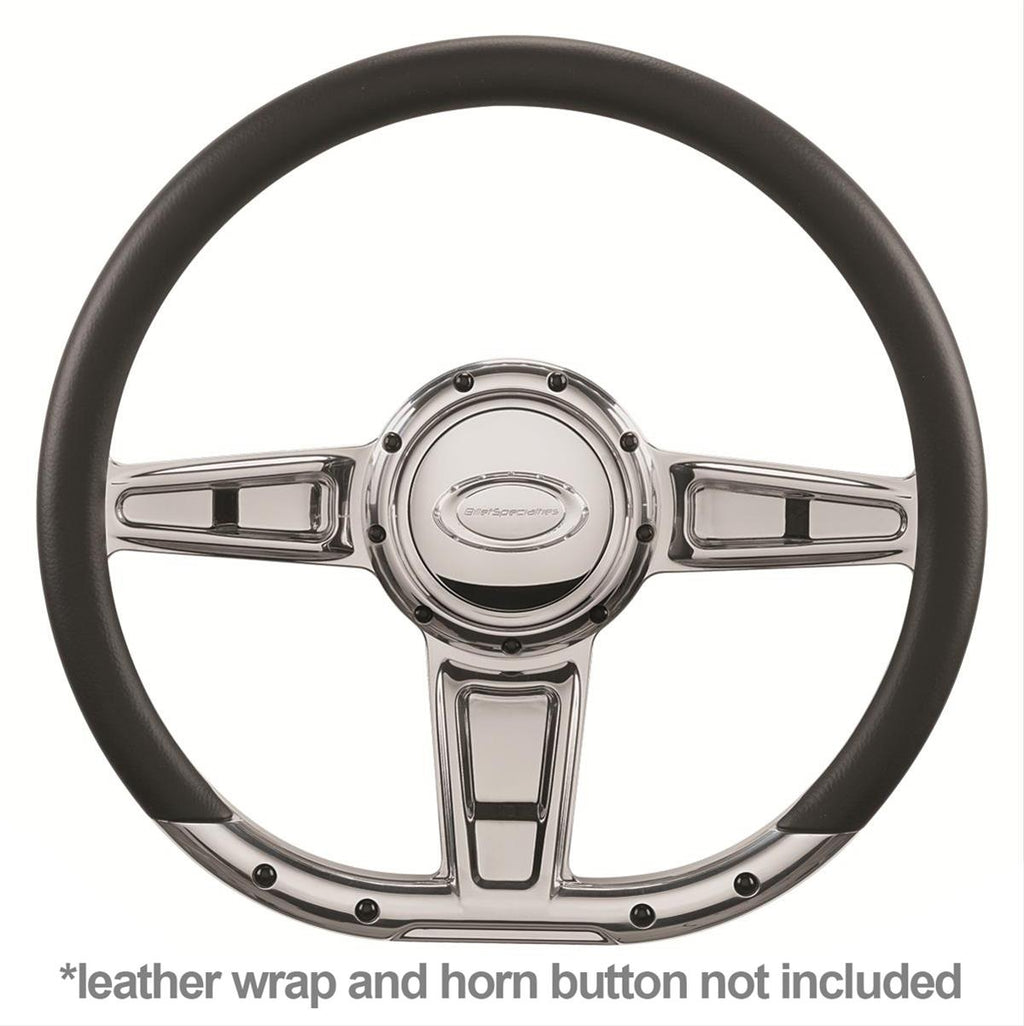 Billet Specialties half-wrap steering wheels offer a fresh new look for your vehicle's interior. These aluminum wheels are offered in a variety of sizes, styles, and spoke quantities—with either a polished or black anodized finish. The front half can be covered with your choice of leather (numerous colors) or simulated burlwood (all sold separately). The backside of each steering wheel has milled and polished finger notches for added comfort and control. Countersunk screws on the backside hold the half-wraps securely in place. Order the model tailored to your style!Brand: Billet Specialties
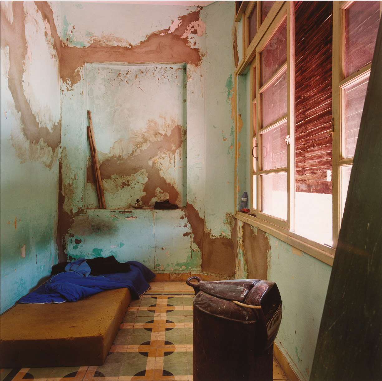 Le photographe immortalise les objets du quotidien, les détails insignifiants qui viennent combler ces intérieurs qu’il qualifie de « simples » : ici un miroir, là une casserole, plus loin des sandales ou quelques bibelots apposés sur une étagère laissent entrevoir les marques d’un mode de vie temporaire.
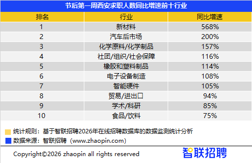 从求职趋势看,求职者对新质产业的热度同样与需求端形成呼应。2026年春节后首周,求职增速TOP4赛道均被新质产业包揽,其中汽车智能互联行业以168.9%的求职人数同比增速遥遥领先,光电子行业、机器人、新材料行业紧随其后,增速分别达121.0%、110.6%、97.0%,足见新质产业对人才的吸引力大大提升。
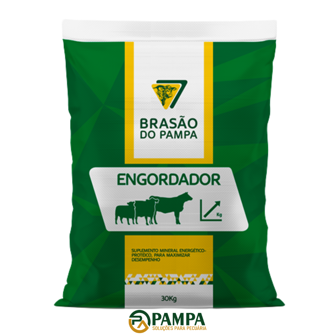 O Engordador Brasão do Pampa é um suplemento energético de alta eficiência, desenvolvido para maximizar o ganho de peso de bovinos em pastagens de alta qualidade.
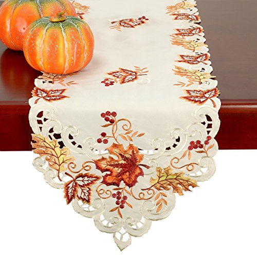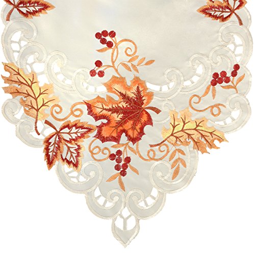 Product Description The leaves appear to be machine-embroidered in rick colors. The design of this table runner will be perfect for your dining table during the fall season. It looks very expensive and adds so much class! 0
########
- PROBLEM DETAILS
Your answer must be an exact repeat of the records above, with no pictures in it.

- YOUR RESPONSE
 Billet Specialties half-wrap steering wheels offer a fresh new look for your vehicle's interior. These aluminum wheels are offered in a variety of sizes, styles, and spoke quantities—with either a polished or black anodized finish. The front half can be covered with your choice of leather (numerous colors) or simulated burlwood (all sold separately). The backside of each steering wheel has milled and polished finger notches for added comfort and control. Countersunk screws on the backside hold the half-wraps securely in place. Order the model tailored to your style!Brand: Billet Specialties
 Le photographe immortalise les objets du quotidien, les détails insignifiants qui viennent combler ces intérieurs qu’il qualifie de « simples » : ici un miroir, là une casserole, plus loin des sandales ou quelques bibelots apposés sur une étagère laissent entrevoir les marques d’un mode de vie temporaire.
 从求职趋势看,求职者对新质产业的热度同样与需求端形成呼应。2026年春节后首周,求职增速TOP4赛道均被新质产业包揽,其中汽车智能互联行业以168.9%的求职人数同比增速遥遥领先,光电子行业、机器人、新材料行业紧随其后,增速分别达121.0%、110.6%、97.0%,足见新质产业对人才的吸引力大大提升。
 O Engordador Brasão do Pampa é um suplemento energético de alta eficiência, desenvolvido para maximizar o ganho de peso de bovinos em pastagens de alta qualidade.
 Product Description The leaves appear to be machine-embroidered in rick colors. The design of this table runner will be perfect for your dining table during the fall season. It looks very expensive and adds so much class! 0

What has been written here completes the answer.